Wendy shook her head, annoyed by both his assumption and that stubborn deafness.
"I chose," she stated, resolutely. "And so did he. I've grown up and, in time, I will
grow old, but Peter will always be a child."

"And what of Hook?"

"You and I," she said and, when he looked at her, trapped his gaze to hold his attention.
"James Hook and Wendy Darling—it's the one story I don't know how it will end."

He made a small scoffing noise in his throat and shifted position. Ink black locks that
would never be silvered, or guttered, slipped across his collarbone. "Foolish girl."

The corners of her mouth twitched and some of her tension dissipated. "Mule-headed
man."

Hook scowled, but he did not argue. Whether exhaustion prevented him or if he thought
she was correct, was a matter of guess and conjecture. He pinched the bridge of his
nose, eyelids fluttering shut. "Tell me, then, how it will continue. If I rest a while, will
you vanish from this world?"

"I can't promise you I won't," she answered. "If there are rules that govern this, I've
yet to determine them."

"Like shooting in the dark, is it?" he mused. "I admit my right-handed aim was better,
but this will have to do." He walked over to the bed and lay down as he was, draping
his wrist over his face.

Wendy, for her part, ensconced herself in the divan and drew her legs up under her.
She neatly tucked the folds of the nightdress around her knees and leaned back.

"What became of the Lost Boys?"

"Didn't Peter—" She cut off. Of course he would not have. "We took them home
with us, to London. They are as brothers to me, just as much as Michael and John."

"I see," Hook said and he did not elaborate.

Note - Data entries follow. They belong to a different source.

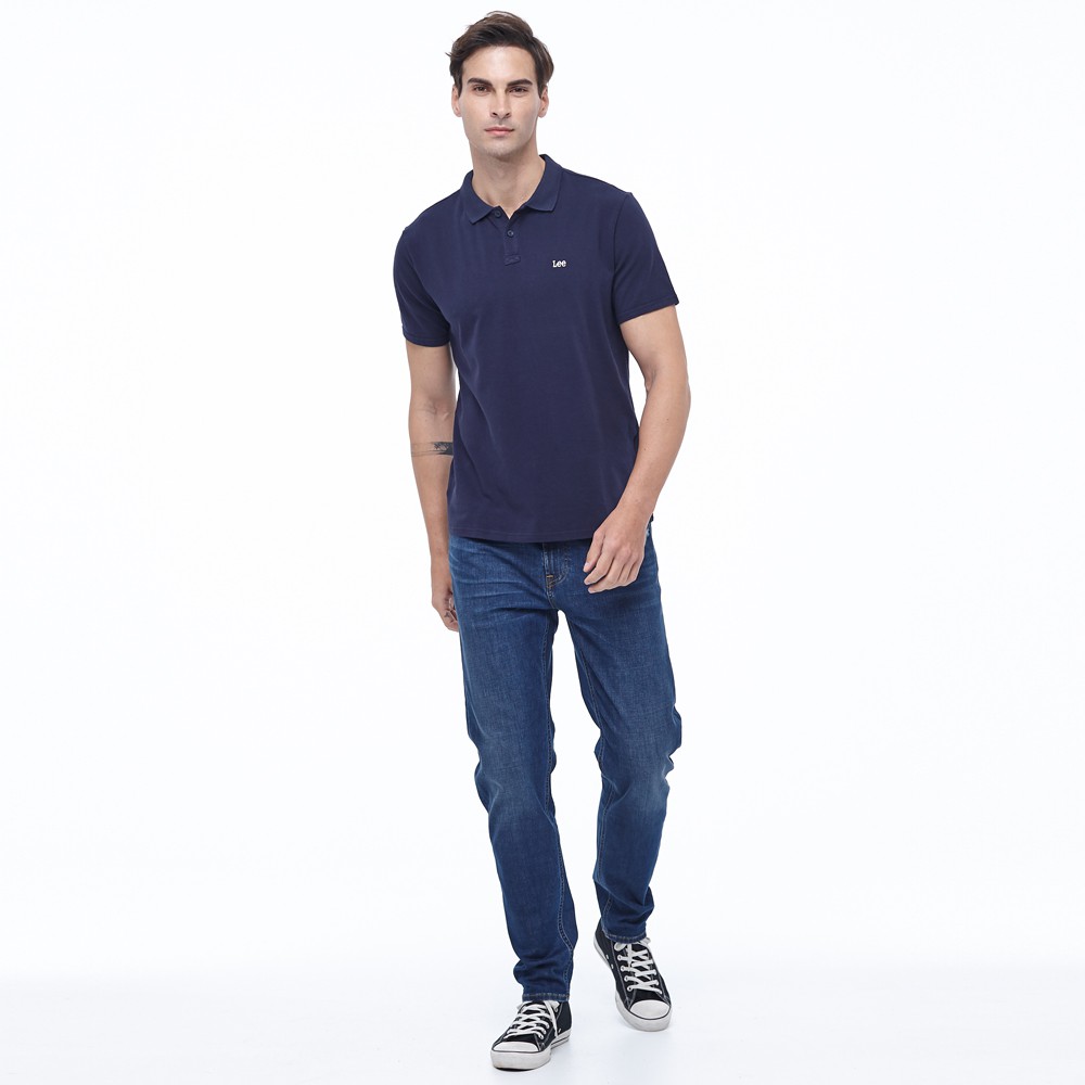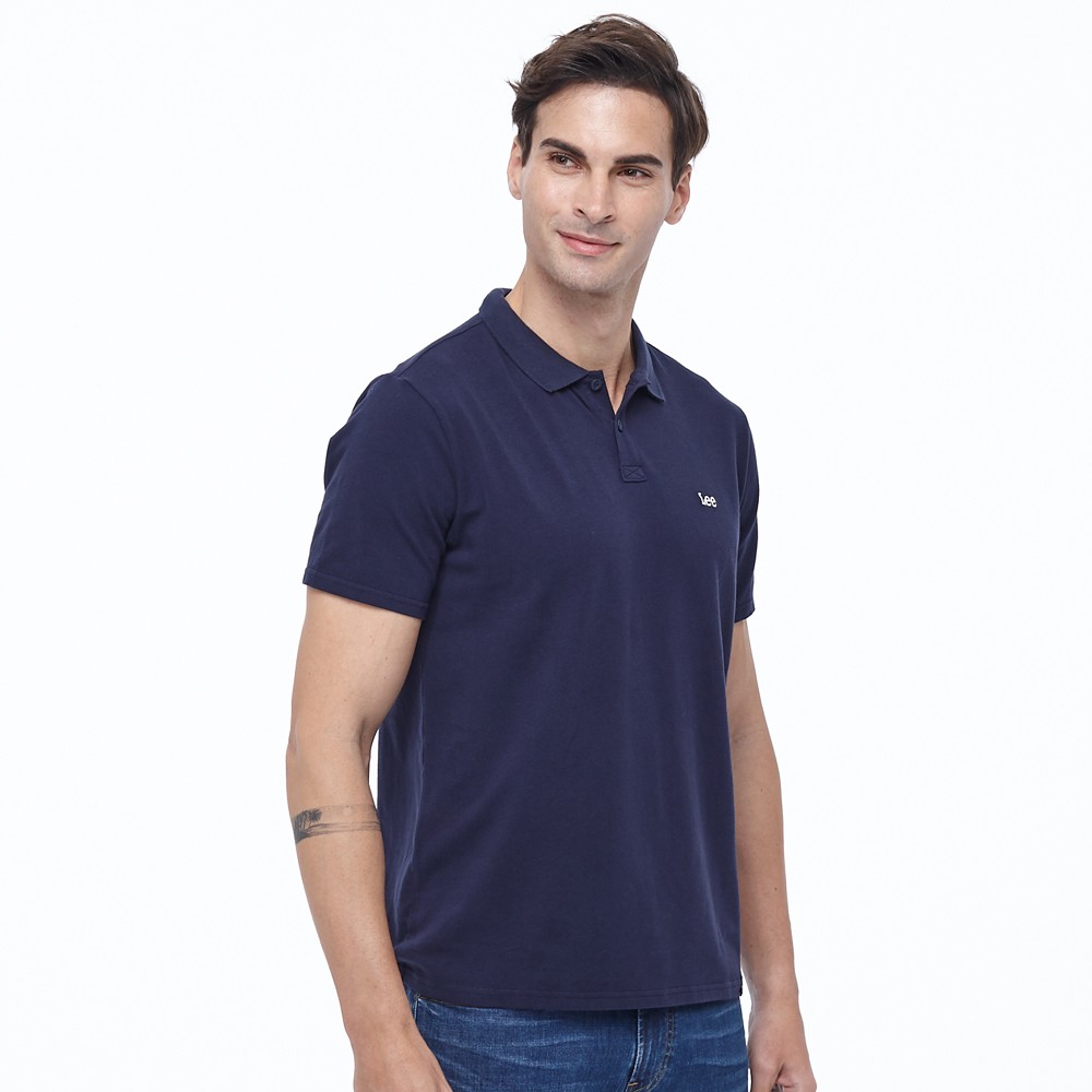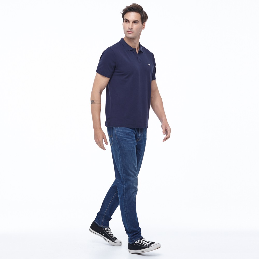 Lee 白色小LOGO短袖Polo衫 男 藍 Modern LL20020766T
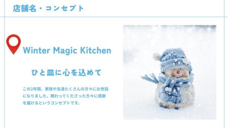 2組の店舗名は「Winter Magic Kitchen」、「ひと皿に心を込めて」という温かなコンセプトを掲げ、2回の販売実習で累計約33万円という売上を記録しました。1回目の実習で約12万円の売り上げがあったので、2回目に向けてさらに高いハードルを課しました。「1回で20万円を売り上げる」という野心的な目標を掲げ、クラス一丸となって戦略を練り直しました。
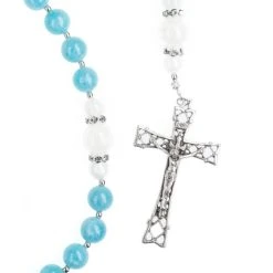 Rosary in Sky Blue Angelite. The Trinity Paters are in translucent white opalite.
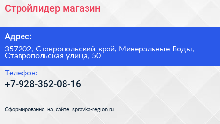 Стройлидер, магазин по адресу 357202, Ставропольский край, Минеральные Воды, Ставропольская улица, 50 в дальнейшем Организация, размещена в следующих категориях:
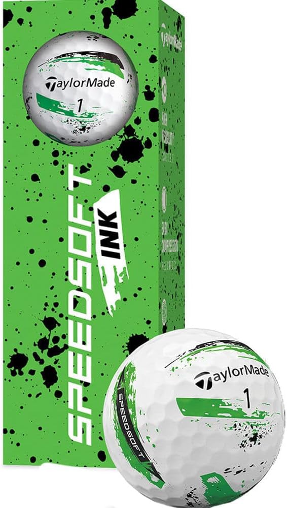 TaylorMade SpeedSoft Ink Golf BallsHIGH CONTRAST. SOFT FEEL.High visibility ink on a unique standout design with a solid alignment aid.Features:New PWRCORE - Faster core materials developed for additional distanceSoft Sub 50 Compression - Larger core for easy compression and soft feel322 Extended Flight Dimple Pattern - Low drag aerodynamic dimple design
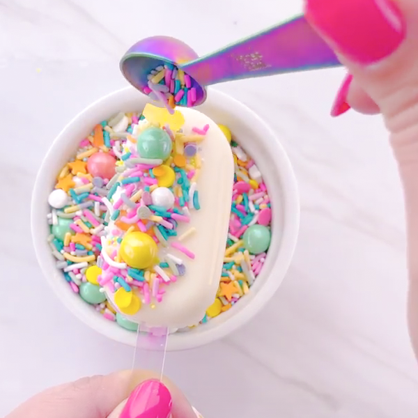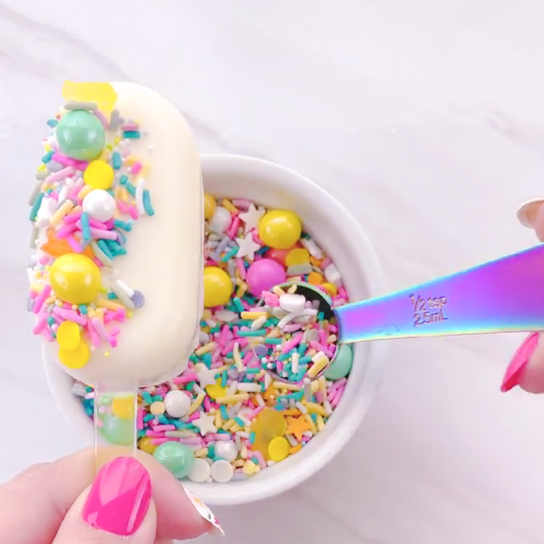 For sprinkles: Use kitchen tweezers to gently place your sprinkles onto the melty cakesicle surface. Start with your biggest sprinkles and work your way down to the smallest. You can also pour them on if they’re all super small. Carefully shake or brush off the excess.
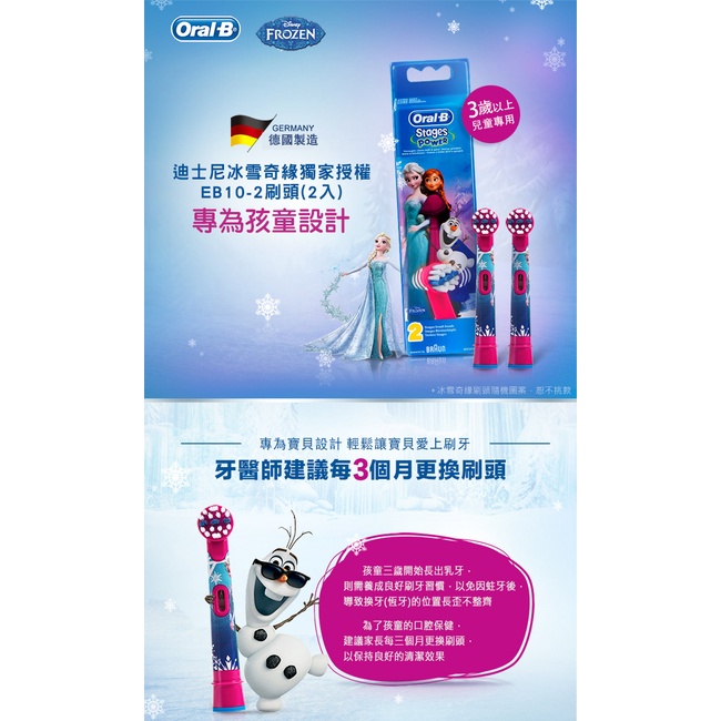 德國百靈Oral-B 電動牙刷兒童冰雪奇緣刷頭(2入)EB10-2 歐樂B 電動牙刷配件耗材 三個月更換刷頭2入組Oral CareOral-B歐樂B|恆隆行官方旗艦館
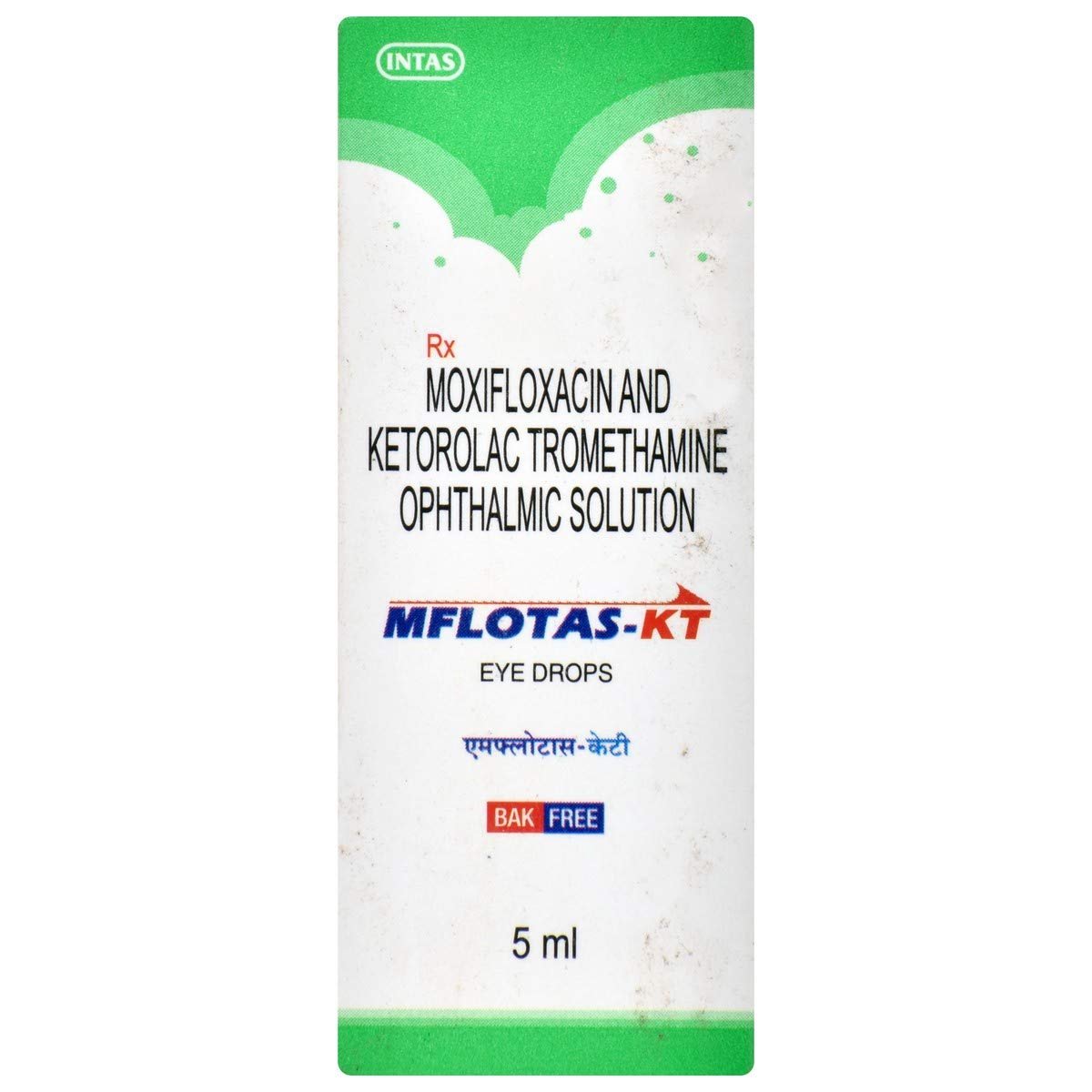 Mflotas KT Eye Drops is a dual-action ophthalmic solution combining an anti-inflammatory drug (Ketorolac) and a broad-spectrum antibiotic (Moxifloxacin). It is commonly prescribed for managing pain, swelling, and infection risk following eye surgery or in acute eye infections.
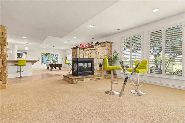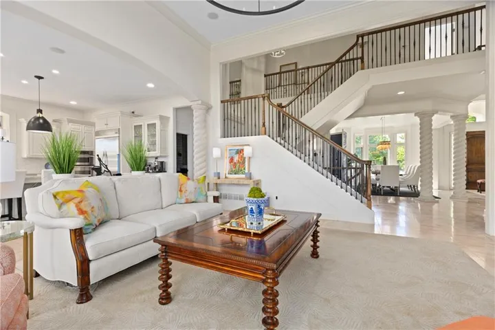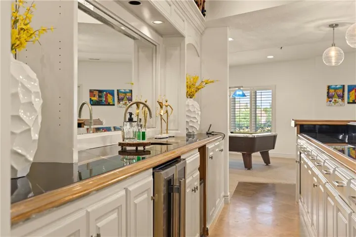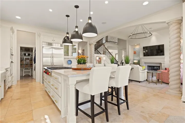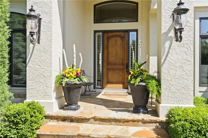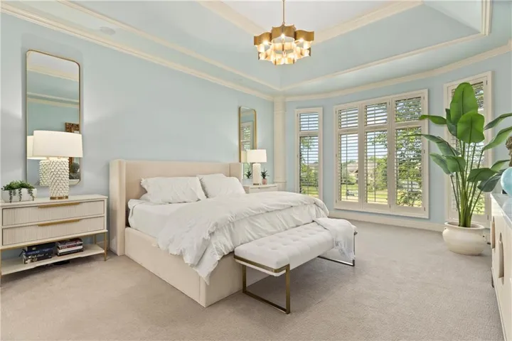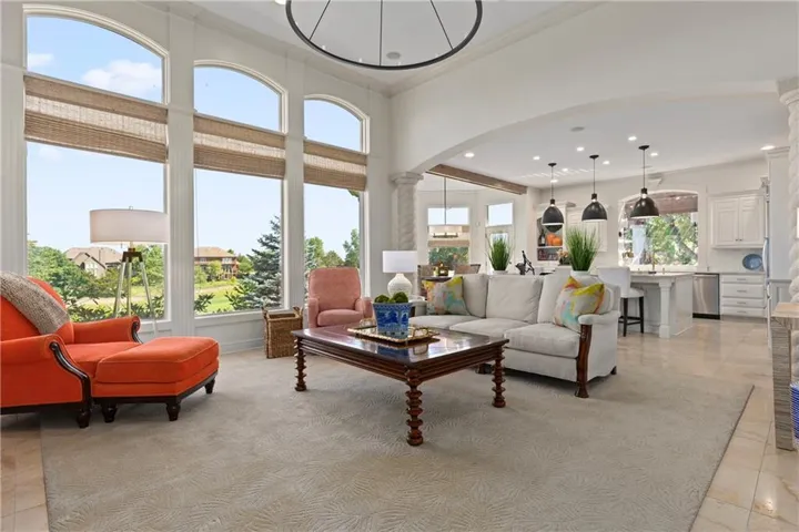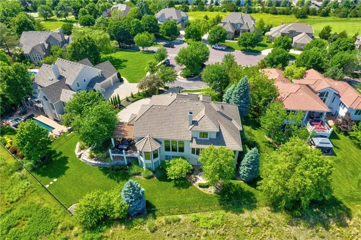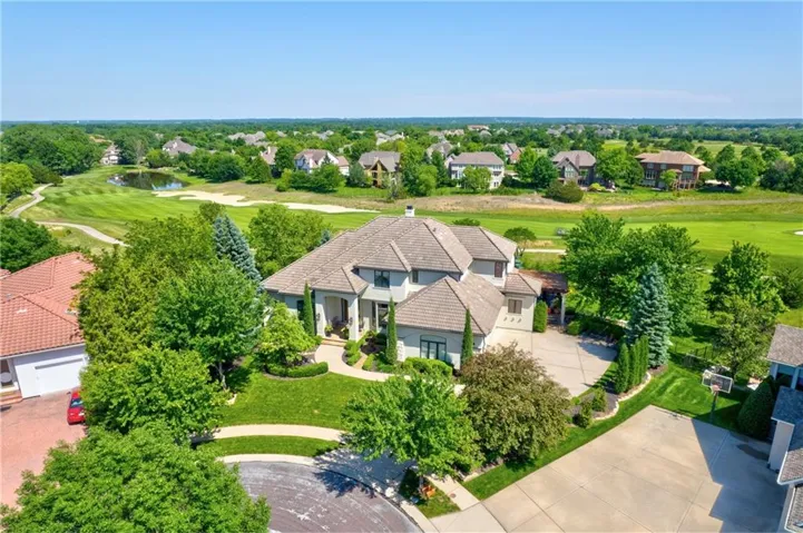 Unparalleled views of the entire 16th hole, from the lakeside tee boxes to the green through the floor-to-ceiling windows. This stunning and graceful home, located on one of the most exclusive cul de sacs in the prestigious Links of Lionsgate, features a fully interior and east-backing lot, with no south or west sun, and is fully insulated from apartments, busy streets, traffic noise, and lights. The home offers abundant natural light, illuminating the elegant living spaces with timeless charm, and day-to-day living, and perfect for entertaining! Truly an entertainer’s dream, it can easily host 100 plus on the open first floor and the lower level—with its 16’ bar—for Chiefs watch parties, showers, and whatever your heart pleases The updated open gourmet kitchen with luxurious countertops, custom cabinets, breakfast nook, and pantry is a chef’s dream! Adjacent hearth room is ideal for unwinding by the fireplace. Enjoy peaceful surroundings and Al Fresco dining while watching your friends tee off next to a lake, navigate the fairway, and putt out across from your deck conveniently connected to the fabulous butler's kitchen with an additional oven and a 2nd dishwasher. Retreat to the primary suite featuring a lavish bathroom with two walk-in closets. The upper level boasts 3 generously sized bedroom suites with private baths + walk-in closets plus a bonus loft. Massive pie-shaped lot with expansive golf course footage, primed and waiting for whatever outdoor fun you love—volleyball, soccer, and whatever pool your heart desires!

Though it puzzled her, she decided to let it pass. A curious calm swept over her, not
like the calm before, but that which comes after a storm—the stillness and clarity that
follows the thunder.

In the silence, broken only by the quiet murmur of the waves, the inevitable occurred.
Wendy fell asleep and, through that innocuous deed, was lost to Neverland and to
the captain of the Jolly Roger. Or they were lost to her.